И еще здесь лежали книги Набокова, самого дефицитного сегодня в России автора и самого желанного. Русинов вертел в руках «Дар» и думал, что, разбогатев, непременно купит для себя этот драгоценный томик, который по каким-то причудам московского дефицита ему давали в Москве то на одну ночь, то на день, то на три дня — но каждый раз он успевал прочесть, умилиться, обмереть от зависти и восторга. Среди прочих страниц ему памятна была история книги, написанной героем «Дара» Годуновым-Чердынцовым, и теперь, вертя в руках «Дар» и забывая при этом собственные восторги и нынешний набоковский бум в России, Русинов вздыхал успокоенно: «Стоит ли утруждаться?» Он очень ясно видел все этапы этой игры — добиться, чтоб слово твое появилось напечатанным, вдыхать запах типографской краски, созерцать свое имя, повторенное тысячекратно машиной. Потом в большой или малой степени содействовать тому, чтобы книга и имя твое были вновь упомянуты, чтобы в печати появилось похвальное слово твоего собрата.
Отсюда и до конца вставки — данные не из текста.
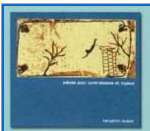
Benjamin Duboc - "Pièces pour contrebasse et tuyaux" Petit Label son 001

Deux pièces électroacoustiques de Benjamin Duboc enregistrées en novembre 2005.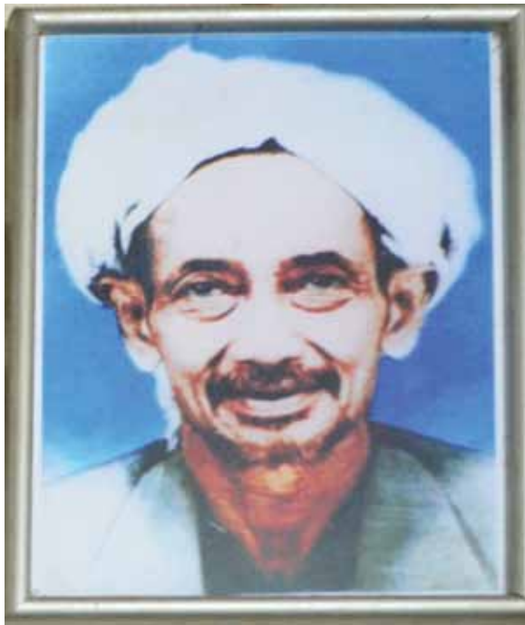
Rajah 2 Gambar Sheikh Abdullah Fahim.

Читать и перечитывать это похвальное слово, как будто оттого, что было набрано машиной, черным по белому, слово это (зачастую принадлежащее человеку, которого ты и в грош не ставишь) стало вдруг и правдивым, и мудрым, и весомым. И еще — тщета увидеть лицо свое, отчужденное фотографом, искаженное печатью и вовсе чужое — увидеть его со стороны, и увидеть людей, которые смотрят на это лицо… Боже, что за странная, суетная, инфантильная, но никогда не надоедающая этим взрослым людям, взрослым писателям, игра…
— Вы, может быть, знаете, что можно почитать новенького?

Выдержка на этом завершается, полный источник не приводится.